This is what we have currently in 1970 to 2000 and then you see how that corresponds
to the map of the mangrove presence today, pretty much limited to southeast coast of
Louisiana as well as around Florida. Then you can look at the projections, based
on those downscaled climate projections that we obtained from the Geo Data Portal.
This is one scenario here. Let's see. I'm going to switch over to my little wand. This
is with a B1 emissions scenario. You can look at this for a lower emission scenario, so
more of a climate stabilization type scenario. The colors here correspond to the predicted
percentage of each polygon that is dominated by mangroves.
Versus a higher emission scenario. This is the A2 emission scenario. You see the change
and the difference in the projected areas of mangrove dominance.
Another example, and again, this is from Mike Osland. We want to look at, say, how does
precipitation affect the coastal wetland occurrence along the gradient on the western coast of
the Gulf of Mexico. Starting out we have some idea of how the
system might behave. In this case, that precipitation has a big impact on the type of wetland that
you would see along the coast. You get a change in the ratio between unvegetated
and vegetated wetlands in Texas. The question is how could this change? The
objective here is to use precipitation and the coastal wetland occurrence data to develop
some kind of model of abundance of these types of wetlands along the coast.
We already have the coastal wetland data and so where can you get the climate data for
your observations and your projections? Again, use the Data Portal and you can get
your past climate data. In this case, we're looking at precipitation and you see the timestep
here; this is daily data. You have it for these individual grid IDs.

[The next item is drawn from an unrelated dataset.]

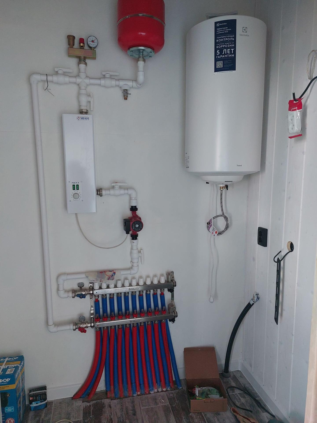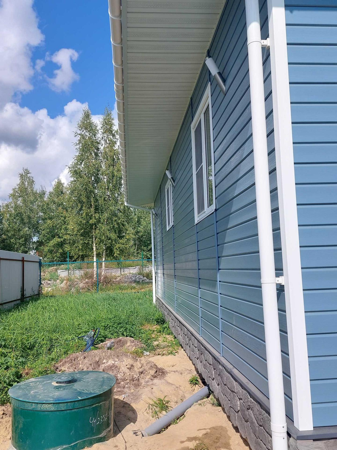 Из коммуникаций: электричество 15 кВт(разведено по всему дому, а так же выполнена подсветка дома светильниками), вода скважина 12 метров, септик Евролос 4+, по всему периметру дома тёплые водяные полы, установлен котёл на 7 кВт.

Then you can develop your model. You have your percentage of tidal saline wetlands that
are dominated by unvegetated and you look at the relationship between that and precipitation.
Hopefully, it's really improving your ability because you're taking out all that time devoted
to getting sometimes terabytes worth of data and then manually slicing and dicing that
dataset up to get it into both the format and in the area that you need.

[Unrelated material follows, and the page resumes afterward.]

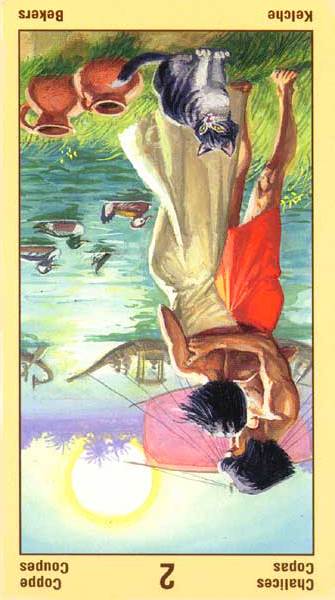 This the first assignment number of the Cups suit. Unlike Wands, with the Fire element, Cups, with the water element, has a lot more patience. Water is by nature more introspective, and this second card in the Cups suit is indeed about exploring yourself. The outcome is uncertain as always, but it usually results in better acceptance of yourself.
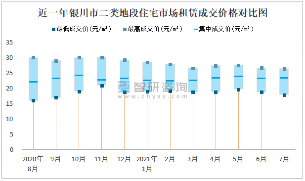 根據國信房地產信息網數據可知:2021年7月銀川市7類房屋中,公共租賃房租賃集中成交價為4.85元/m²,廉租房租賃集中成交價為1.1元/m²;商業用房租賃最低成交價、最高成交價、集中成交價均高于其他類房屋價格;三類地段住宅市場租賃集中成交價約為15.19元/m²,寫字樓租賃集中成交價高于所有類型地段住宅市場租賃集中成交價。

Then the final example I'm going to show you is another aspect of the Data Portal that
we've been working on and right now we call it the Derivative Climate Portal. This has
been with a user group with myself and some other folks in the Fish and Wildlife Service
or in the LCCs and in the USGS and in NOAA as well.
The idea behind looking at this Derivative Portal is we wanted to look at climate indices
because we realized a lot of times if you get a climate projection of, say, mean temperature
change over 70 to 100 years, it's really hard to link that to the biology or the ecology.
Animals or plants or organisms aren't necessarily going to respond if the mean temperature changes
from 60 degrees Fahrenheit to 65 degrees Fahrenheit. What does that mean exactly?
You might be able to find in the literature that there is different thresholds or indices
for a particular species that are very important and so can we speed up this process through
the Data Portal and be able to calculate some of these indices on the fly and then access
those? Here's the website. We'll go over this again.
Again, this is a little bit separate from the Data Portal but the same project so it's
the Derived Downscaled Climate Projection Portal.
This is what it looks like. I'm just going to step through it here and show you some
of the capabilities. We're not really focusing particularly on the specific downscaled dataset
for this because, hopefully, eventually we'd like to expand this and be able to use lots
of different climate datasets, but just to see how it works so far.
The first step here is you have this interface. To get rid of all the junk like all the junk
in the website above and below the picture, you click this little button here and that
gets rid of that. The first step is to pick the index you want.
Right now we have a set of pre calculated ones. We would hope to be able to expand these
as time goes on. You pick what you want to look at. I'm going
to pick observed and projected days where the maximum temperature was above some threshold.
Then you pick your threshold. For the days above max temperature. Right now, there are
three thresholds that have been pre calculated; but, again, in the future, we'd like to be
able to do this on the fly where the scientist or manager can put in their threshold, whether
that's 88 degrees or 102 or 70 degrees, whatever makes sense for that species that they're
looking at. Then you're going to choose your emissions
scenario. These are all the emissions scenarios that were used in the last IPCC assessment
carbon dioxide, other greenhouse gas emissions. They go basically from highest scenario of
emissions at A1FI down to the lowest, which is B1. Then you can pick what do you want
to look at for the map? Do you want to look at the mean of all the models or do you want
to look at an individual climate model? I'm going to pick the ensemble here and then
you're going to pick your time period that you want to look at as well. Since we're looking
at a map, we really want to look at the average over a time period so we pick 30-year averages.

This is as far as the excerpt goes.